▶ WORK INSTRUCTION
Print the lines in the listing below starting at the line with "如果是非常喜欢裙装的姑娘,肯" and ending at the line with "Speeltoestel voor de", both included. Reproduce them exactly and omit every picture.

▶ DATA FOR PROCESSING
Start of Block

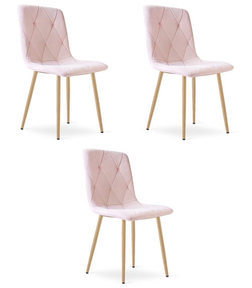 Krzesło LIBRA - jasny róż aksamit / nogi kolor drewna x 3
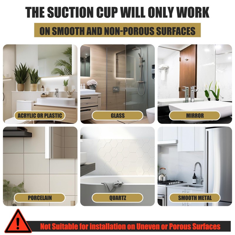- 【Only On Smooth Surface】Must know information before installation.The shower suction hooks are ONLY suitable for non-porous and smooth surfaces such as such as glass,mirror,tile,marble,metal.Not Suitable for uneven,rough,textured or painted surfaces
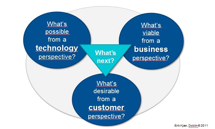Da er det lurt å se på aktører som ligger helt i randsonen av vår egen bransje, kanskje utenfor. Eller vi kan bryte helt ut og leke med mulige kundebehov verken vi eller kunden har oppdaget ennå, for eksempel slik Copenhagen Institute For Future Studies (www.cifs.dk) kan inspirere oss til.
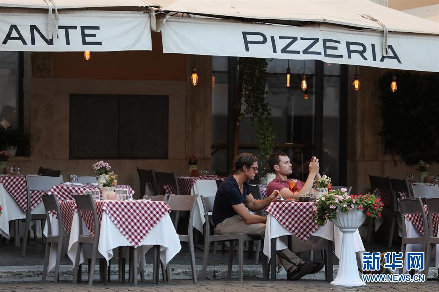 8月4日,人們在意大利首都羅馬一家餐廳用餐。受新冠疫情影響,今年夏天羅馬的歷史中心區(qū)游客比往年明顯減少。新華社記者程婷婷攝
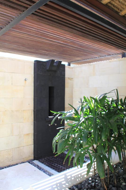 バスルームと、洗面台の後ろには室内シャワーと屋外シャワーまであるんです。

End of Block
Start of Block

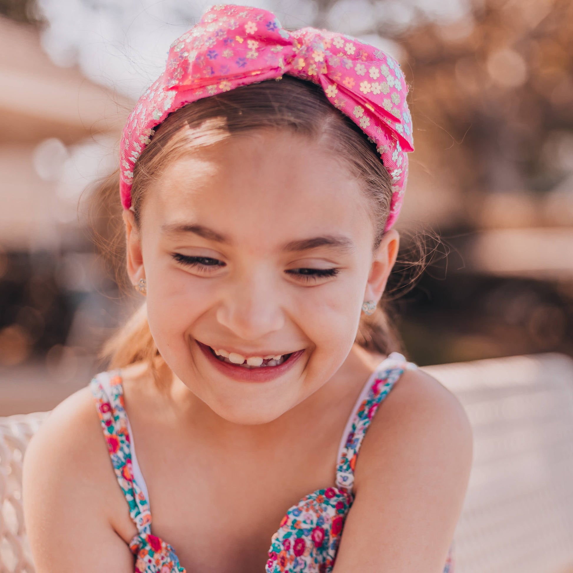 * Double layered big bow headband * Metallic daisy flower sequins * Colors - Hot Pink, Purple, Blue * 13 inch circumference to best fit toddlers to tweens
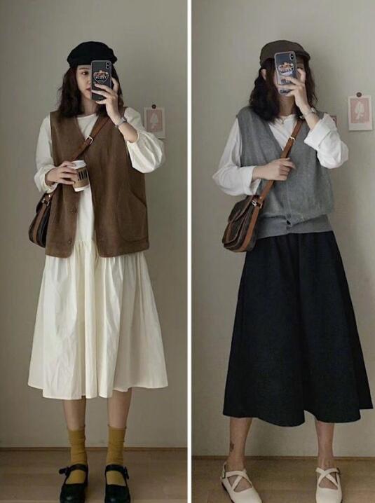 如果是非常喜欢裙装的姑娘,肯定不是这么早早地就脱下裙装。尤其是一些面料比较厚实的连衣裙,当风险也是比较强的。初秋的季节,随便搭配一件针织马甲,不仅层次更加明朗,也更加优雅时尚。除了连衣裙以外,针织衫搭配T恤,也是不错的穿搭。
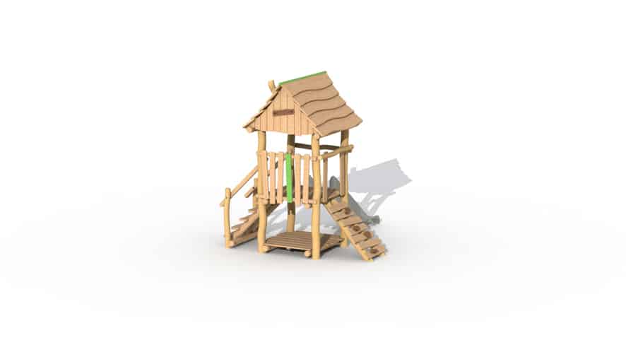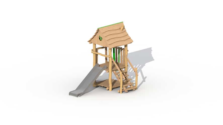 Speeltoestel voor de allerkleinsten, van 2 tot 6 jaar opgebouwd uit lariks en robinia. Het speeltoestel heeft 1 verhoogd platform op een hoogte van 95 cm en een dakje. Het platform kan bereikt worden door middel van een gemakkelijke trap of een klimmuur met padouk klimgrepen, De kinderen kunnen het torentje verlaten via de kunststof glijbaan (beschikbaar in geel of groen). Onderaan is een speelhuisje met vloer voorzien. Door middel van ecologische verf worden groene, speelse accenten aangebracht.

End of Block

▶ RESPONSE TO THE EXERCISE
 如果是非常喜欢裙装的姑娘,肯定不是这么早早地就脱下裙装。尤其是一些面料比较厚实的连衣裙,当风险也是比较强的。初秋的季节,随便搭配一件针织马甲,不仅层次更加明朗,也更加优雅时尚。除了连衣裙以外,针织衫搭配T恤,也是不错的穿搭。
 Speeltoestel voor de allerkleinsten, van 2 tot 6 jaar opgebouwd uit lariks en robinia. Het speeltoestel heeft 1 verhoogd platform op een hoogte van 95 cm en een dakje. Het platform kan bereikt worden door middel van een gemakkelijke trap of een klimmuur met padouk klimgrepen, De kinderen kunnen het torentje verlaten via de kunststof glijbaan (beschikbaar in geel of groen). Onderaan is een speelhuisje met vloer voorzien. Door middel van ecologische verf worden groene, speelse accenten aangebracht.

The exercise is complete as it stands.